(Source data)
>>>
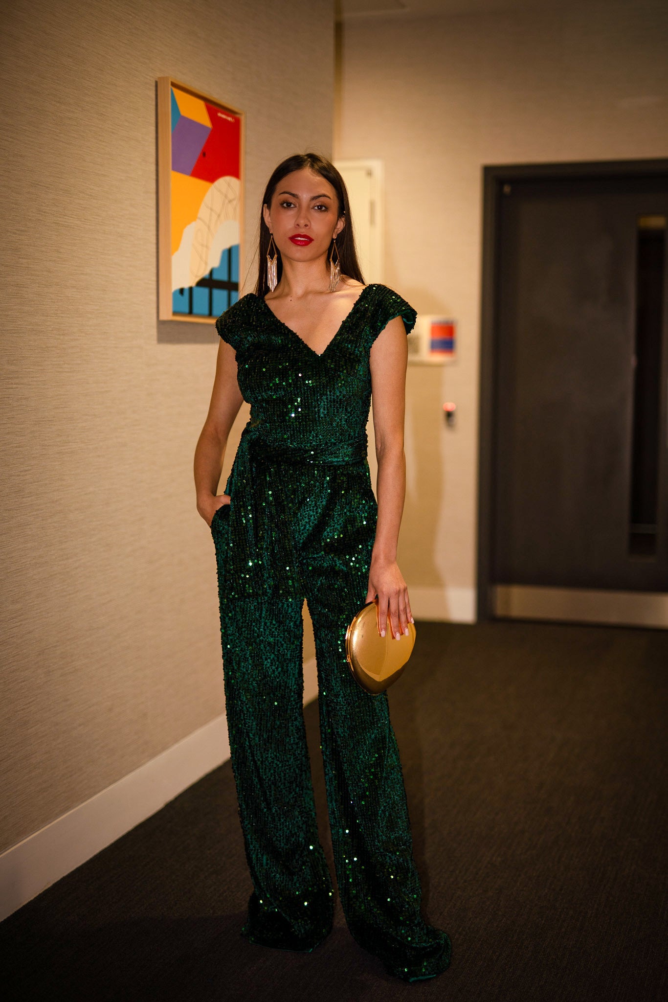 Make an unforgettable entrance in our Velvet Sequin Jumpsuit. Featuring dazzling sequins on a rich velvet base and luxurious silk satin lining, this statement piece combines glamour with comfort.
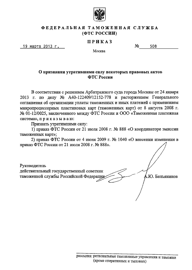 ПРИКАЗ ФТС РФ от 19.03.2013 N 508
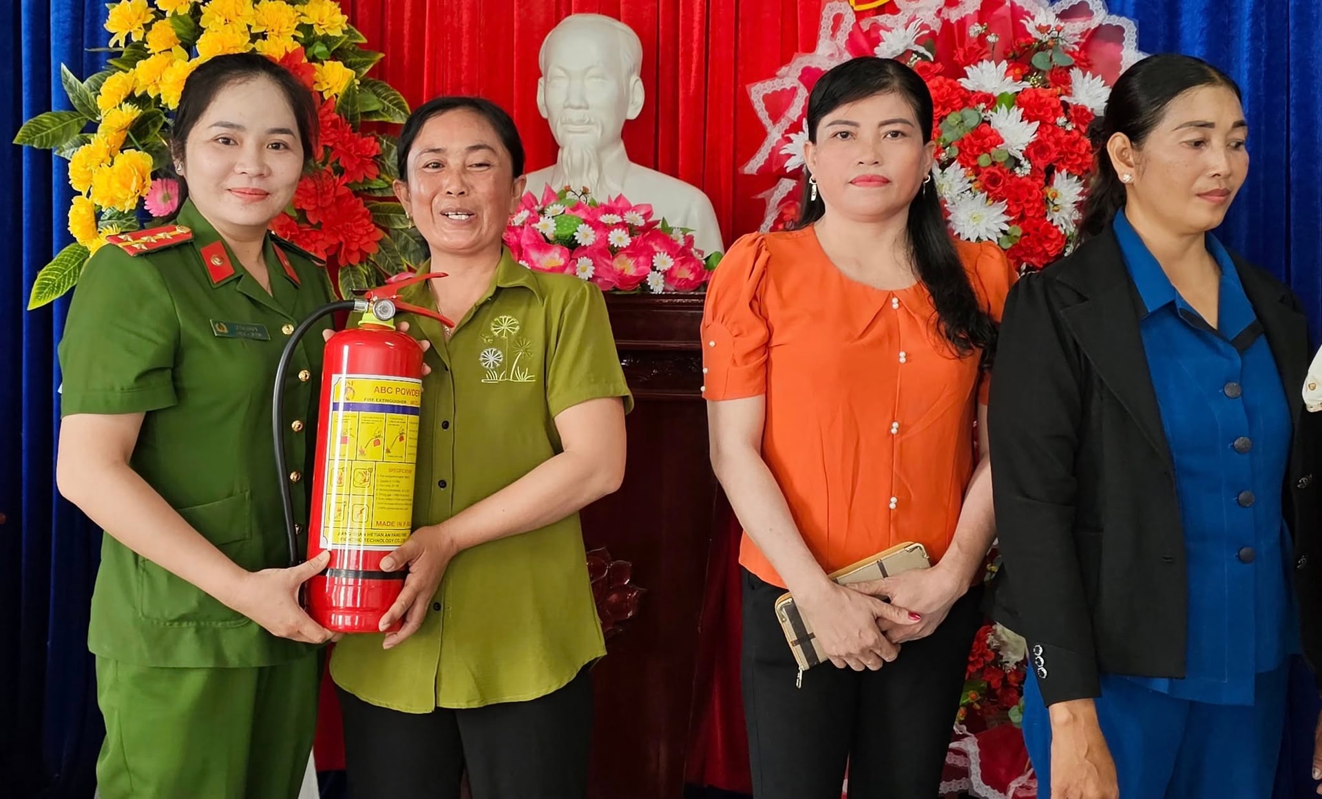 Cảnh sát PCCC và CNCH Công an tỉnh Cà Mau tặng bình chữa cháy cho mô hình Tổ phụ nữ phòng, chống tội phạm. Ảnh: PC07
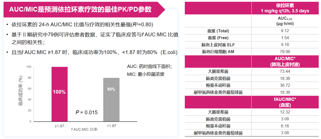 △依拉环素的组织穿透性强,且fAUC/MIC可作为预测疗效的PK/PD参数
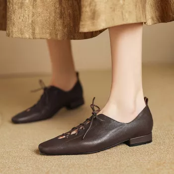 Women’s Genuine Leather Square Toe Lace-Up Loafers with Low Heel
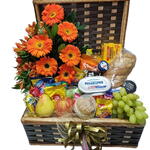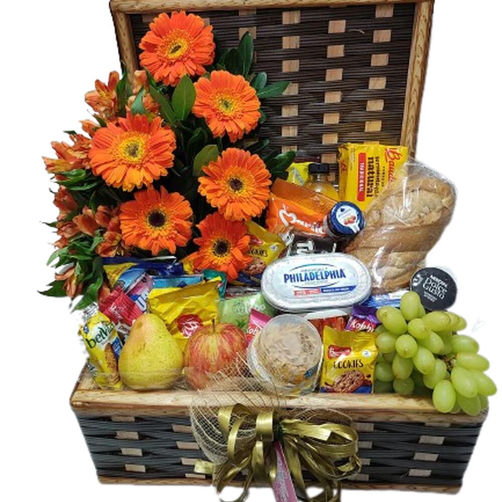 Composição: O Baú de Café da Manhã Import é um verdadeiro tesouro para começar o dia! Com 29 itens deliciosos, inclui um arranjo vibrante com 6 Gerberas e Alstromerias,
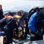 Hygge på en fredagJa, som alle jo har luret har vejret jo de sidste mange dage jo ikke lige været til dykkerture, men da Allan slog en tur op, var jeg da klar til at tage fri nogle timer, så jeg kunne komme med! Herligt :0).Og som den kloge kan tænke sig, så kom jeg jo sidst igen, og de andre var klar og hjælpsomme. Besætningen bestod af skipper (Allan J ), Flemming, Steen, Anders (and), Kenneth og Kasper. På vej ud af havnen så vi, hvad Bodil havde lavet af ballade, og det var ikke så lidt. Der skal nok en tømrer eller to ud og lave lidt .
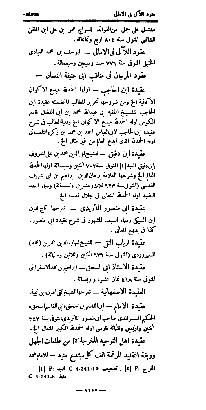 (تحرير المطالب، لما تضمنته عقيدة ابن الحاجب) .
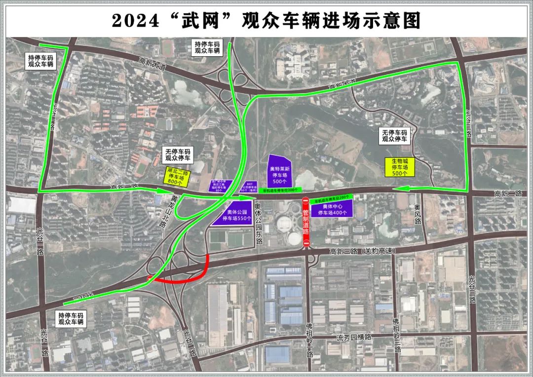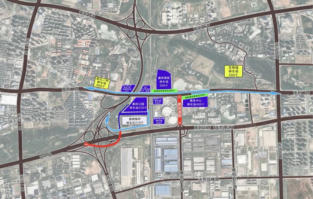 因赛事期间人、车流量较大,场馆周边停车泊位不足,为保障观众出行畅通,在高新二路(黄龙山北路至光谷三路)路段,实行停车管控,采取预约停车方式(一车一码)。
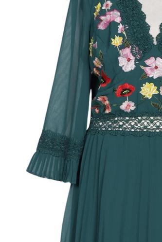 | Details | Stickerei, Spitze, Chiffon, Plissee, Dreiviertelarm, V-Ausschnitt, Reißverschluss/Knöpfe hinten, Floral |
<<<
WHAT YOU SHOULD DO ->
Leave out the images and copy all remaining data word for word.

ANSWER SPACE ->
 Make an unforgettable entrance in our Velvet Sequin Jumpsuit. Featuring dazzling sequins on a rich velvet base and luxurious silk satin lining, this statement piece combines glamour with comfort.
 ПРИКАЗ ФТС РФ от 19.03.2013 N 508
 Cảnh sát PCCC và CNCH Công an tỉnh Cà Mau tặng bình chữa cháy cho mô hình Tổ phụ nữ phòng, chống tội phạm. Ảnh: PC07
 △依拉环素的组织穿透性强,且fAUC/MIC可作为预测疗效的PK/PD参数
 Women’s Genuine Leather Square Toe Lace-Up Loafers with Low Heel
 Composição: O Baú de Café da Manhã Import é um verdadeiro tesouro para começar o dia! Com 29 itens deliciosos, inclui um arranjo vibrante com 6 Gerberas e Alstromerias,
 Hygge på en fredagJa, som alle jo har luret har vejret jo de sidste mange dage jo ikke lige været til dykkerture, men da Allan slog en tur op, var jeg da klar til at tage fri nogle timer, så jeg kunne komme med! Herligt :0).Og som den kloge kan tænke sig, så kom jeg jo sidst igen, og de andre var klar og hjælpsomme. Besætningen bestod af skipper (Allan J ), Flemming, Steen, Anders (and), Kenneth og Kasper. På vej ud af havnen så vi, hvad Bodil havde lavet af ballade, og det var ikke så lidt. Der skal nok en tømrer eller to ud og lave lidt .
 (تحرير المطالب، لما تضمنته عقيدة ابن الحاجب) .
 因赛事期间人、车流量较大,场馆周边停车泊位不足,为保障观众出行畅通,在高新二路(黄龙山北路至光谷三路)路段,实行停车管控,采取预约停车方式(一车一码)。
 | Details | Stickerei, Spitze, Chiffon, Plissee, Dreiviertelarm, V-Ausschnitt, Reißverschluss/Knöpfe hinten, Floral |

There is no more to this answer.